__What the task requires__.
The whole listing below needs to be duplicated exactly, pictures aside.

[Given information — start]

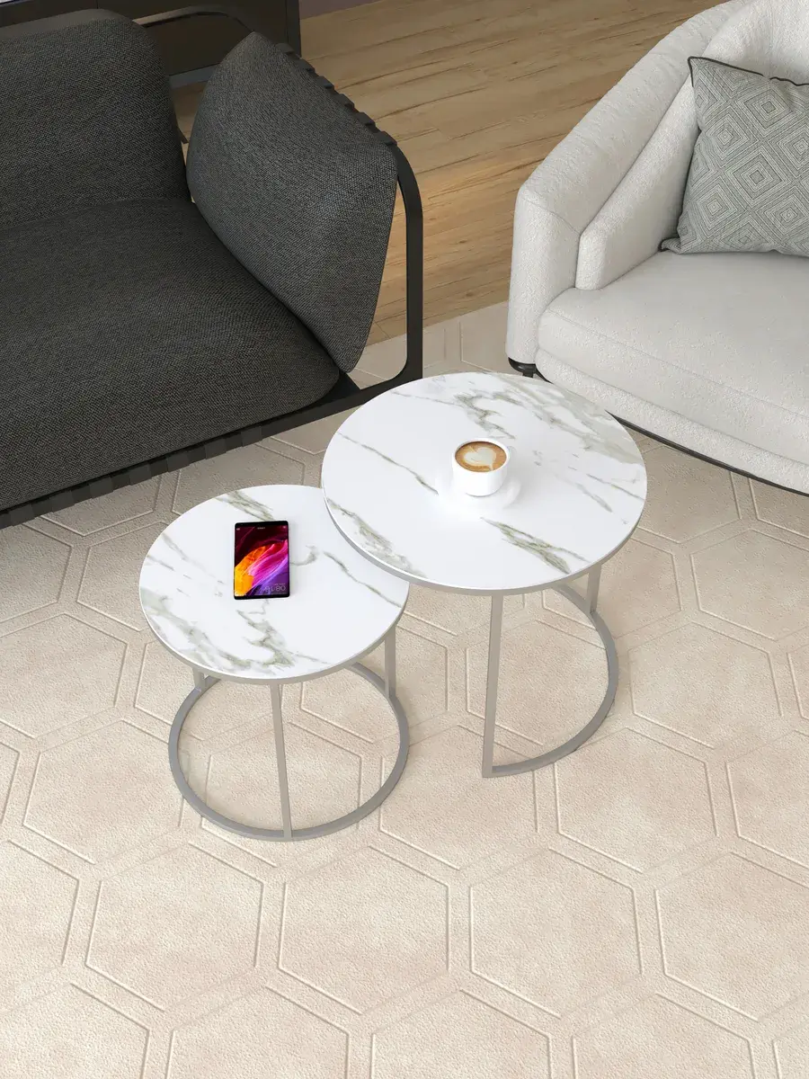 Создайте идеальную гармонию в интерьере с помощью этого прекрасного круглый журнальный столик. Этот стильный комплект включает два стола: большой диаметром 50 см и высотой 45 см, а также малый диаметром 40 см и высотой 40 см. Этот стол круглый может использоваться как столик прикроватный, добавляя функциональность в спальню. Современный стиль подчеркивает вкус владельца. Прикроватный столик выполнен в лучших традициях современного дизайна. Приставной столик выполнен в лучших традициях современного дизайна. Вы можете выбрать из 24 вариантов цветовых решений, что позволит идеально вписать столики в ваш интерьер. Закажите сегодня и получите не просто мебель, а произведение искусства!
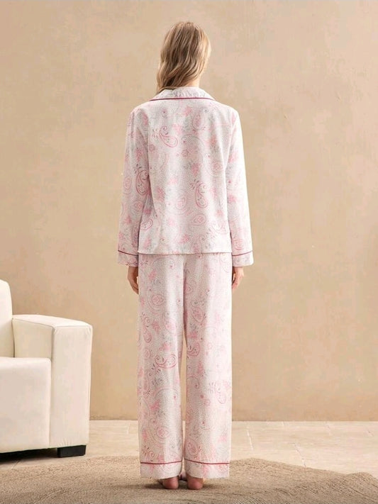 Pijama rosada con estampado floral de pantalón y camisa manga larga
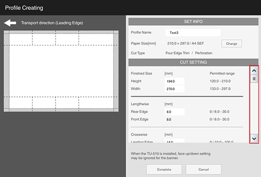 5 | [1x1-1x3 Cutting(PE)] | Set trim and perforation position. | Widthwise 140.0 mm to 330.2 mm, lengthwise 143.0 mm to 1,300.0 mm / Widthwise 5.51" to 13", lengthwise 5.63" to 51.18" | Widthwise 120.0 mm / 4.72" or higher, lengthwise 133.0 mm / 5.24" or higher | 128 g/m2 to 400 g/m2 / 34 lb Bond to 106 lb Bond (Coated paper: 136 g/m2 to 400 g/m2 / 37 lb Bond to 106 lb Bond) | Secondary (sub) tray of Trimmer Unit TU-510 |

[Given information — finish]

__Solution to the problem__.
 Создайте идеальную гармонию в интерьере с помощью этого прекрасного круглый журнальный столик. Этот стильный комплект включает два стола: большой диаметром 50 см и высотой 45 см, а также малый диаметром 40 см и высотой 40 см. Этот стол круглый может использоваться как столик прикроватный, добавляя функциональность в спальню. Современный стиль подчеркивает вкус владельца. Прикроватный столик выполнен в лучших традициях современного дизайна. Приставной столик выполнен в лучших традициях современного дизайна. Вы можете выбрать из 24 вариантов цветовых решений, что позволит идеально вписать столики в ваш интерьер. Закажите сегодня и получите не просто мебель, а произведение искусства!
 Pijama rosada con estampado floral de pantalón y camisa manga larga
 5 | [1x1-1x3 Cutting(PE)] | Set trim and perforation position. | Widthwise 140.0 mm to 330.2 mm, lengthwise 143.0 mm to 1,300.0 mm / Widthwise 5.51" to 13", lengthwise 5.63" to 51.18" | Widthwise 120.0 mm / 4.72" or higher, lengthwise 133.0 mm / 5.24" or higher | 128 g/m2 to 400 g/m2 / 34 lb Bond to 106 lb Bond (Coated paper: 136 g/m2 to 400 g/m2 / 37 lb Bond to 106 lb Bond) | Secondary (sub) tray of Trimmer Unit TU-510 |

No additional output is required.